Life as an attending physician has been everything I had hoped it would be. I’ve been out of residency a year so far and I am loving my job – the autonomy, the colleagues, the patients, the medicine. As always, there are some aspects that aren’t as pleasant to deal with such as scheduling, overnight calls and difficult patient encounters, but on a whole, post-residency life has been good. However, there is one thing I had as a resident that I don’t quite have yet as an attending and that’s clear career goals.
Let me explain. Throughout medical education, there was always a clearly defined goal : graduation. I was willing to put in the effort in mastering my craft because I knew one day I would have to use these skills to help others.
Ten years ago, when I first received my medical school admission letter, I experienced a mixture of joy and relief. The relief was mainly from not worrying about what my future trajectory would look like, I knew more or less my 20s would be spent in medical school and residency to become a doctor.
Having finished those grueling years, I look forward and realize my career in medicine will be many times longer than my training. This leads me to the question, what do I want my career to look like and how will I get there?
There are aspects that I’ve already defined and shaped, with which I am happy about. I am practicing the specialty of my choice (internal medicine). I work in a blended academic and community hospital, having plenty of contact with medical trainees while getting my hands messy with front line care. I am rewarded handsomely and will be financially secure.
Yet that same feeling of unease and uncertainty about the future that I felt as a pre-med, I feel now as an attending. In Daniel Pink’s book Drive, he argues that human motivation is largely intrinsic and consists of autonomy, mastery, and purpose. The first two aspects come easily in my day to day job. I have lots of control over my clinical work, and there are lots of skills I am continuing to master. However, tt’s the last aspect a purpose, or being part of something bigger, which is on my mind.
Don’t get me wrong, I find a lot of gratification and purpose in my clinical work. I love making the right diagnosis and having the right knowledge and abilities to alleviate suffering. But what I want to know is can I do more, and if so, how can I use my unique abilities to do so?
In my clinical work, I can improve or save a life one at a time, but my time and abilities aren’t scaleable. Would I be satisfied with Talmud’s quote “And whoever saves a life, it is considered as if he saved an entire world”, or do I believe I can affect more change.

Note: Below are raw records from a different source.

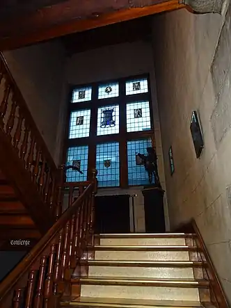 Le palier de l'escalier est éclairé par une large baie vitrée dont les médaillons représentent des corps de métiers et des blasons : le menuisier, le blason de la Belgique, le papetier, l'imprimeur, le blason de Braine-le-Comte, le semeur, le forgeron, les armes du Hainaut et le souffleur de verre.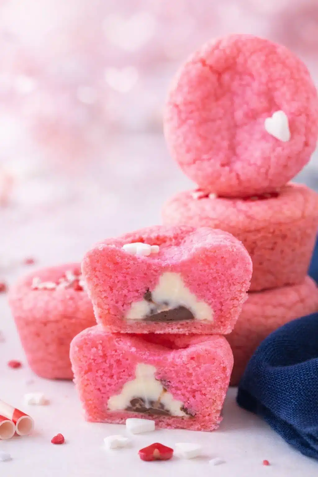 You can easily switch things up. Try snickerdoodle mix instead of sugar cookie mix (just skip the cinnamon sugar). Use unsalted butter plus a pinch of salt if that’s what you have. Natural coloring like strawberry or raspberry juice works great too. For the candy, swap Hugs for Rolos, caramel M&Ms, or Reese’s minis. Add fun toppings like chocolate drizzle, frosting, or mini M&Ms for even more Valentine flair.
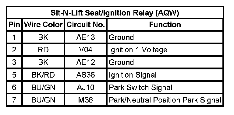Sit-N-Lift Seat/Ignition Relay (AQW)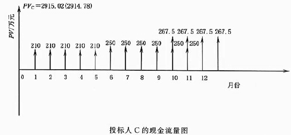 (3)计算投标人C 经评审的投标价的现值PVc :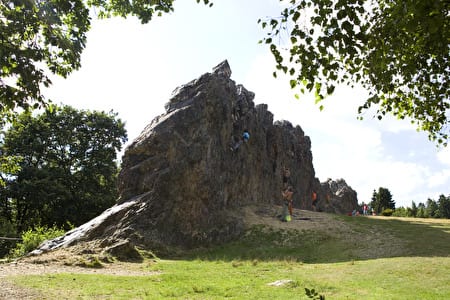 Kletterer an den Eschbacher Klippen unweit Usingen-Eschbach. Die Eschbacher Klippen sind ein sichtbarer Teil eines etwa sechs Kilometer langen Quarzganges, der sich quer durch das Usatal bis zum Wormstein im Usinger Stadtwald fortsetzt. Die bizarr anmutende Felswand ist perfekt geeignet für Kletteranfänger oder zum Bouldern.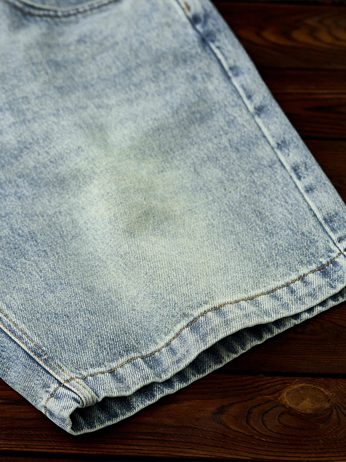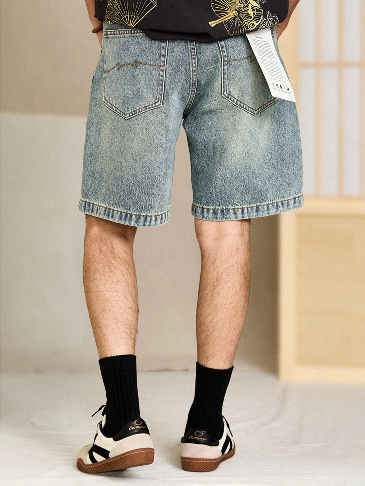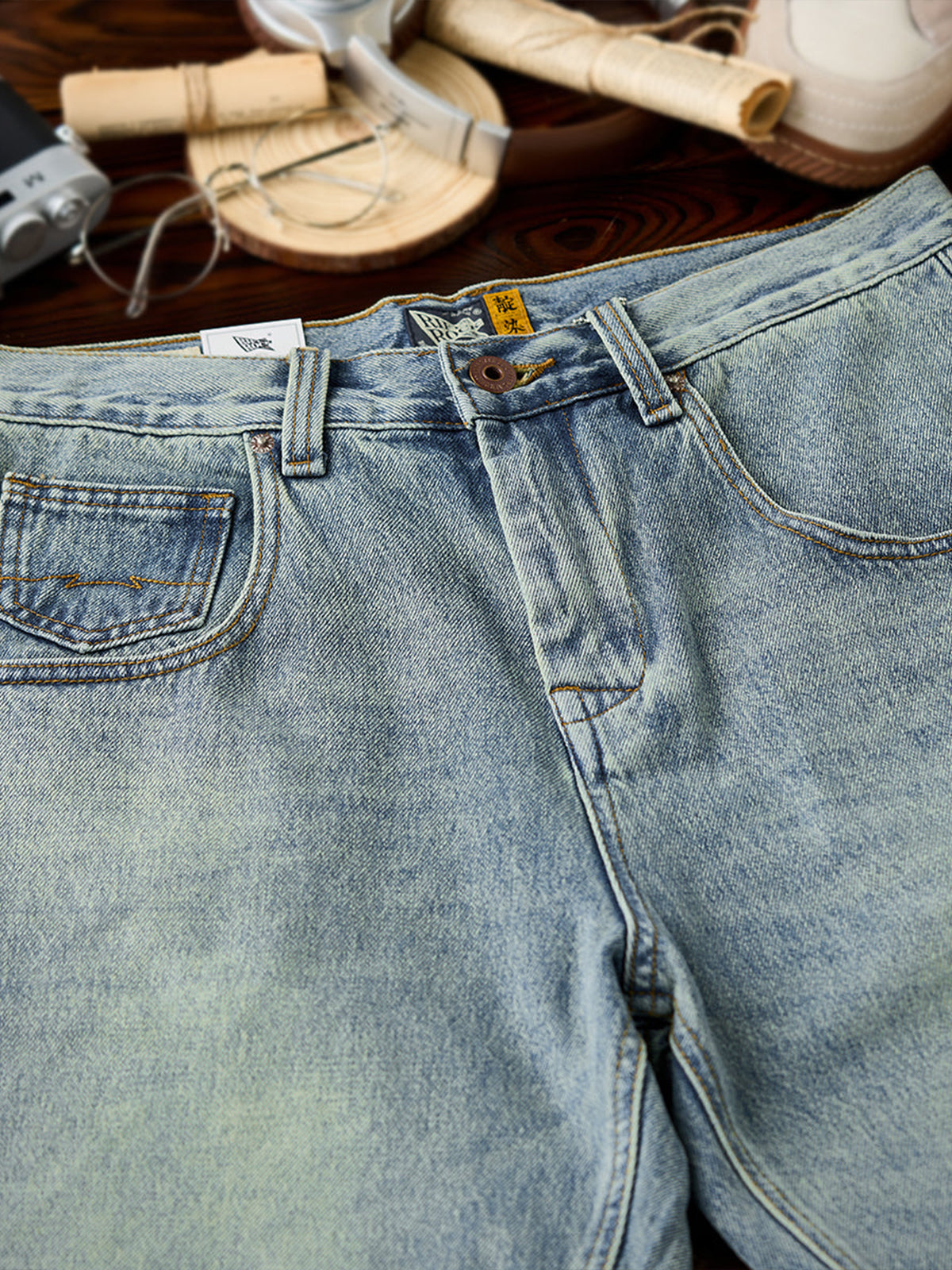 Whiskered Pocket-Stitch Denim Shorts

Ultimately this is mixture of nervousness and excitement. No longer am I bound to a prescribed rigid timeline. I want my career to continue to evolve, what it will eventually look like, I’m not sure yet. But I know I would be extremely disappointed if the next ten years looked identical to my past year. I want to continue to grow, learn more and affect positive change. To keep pushing the boundary, and use my role as a doctor to be part of something bigger.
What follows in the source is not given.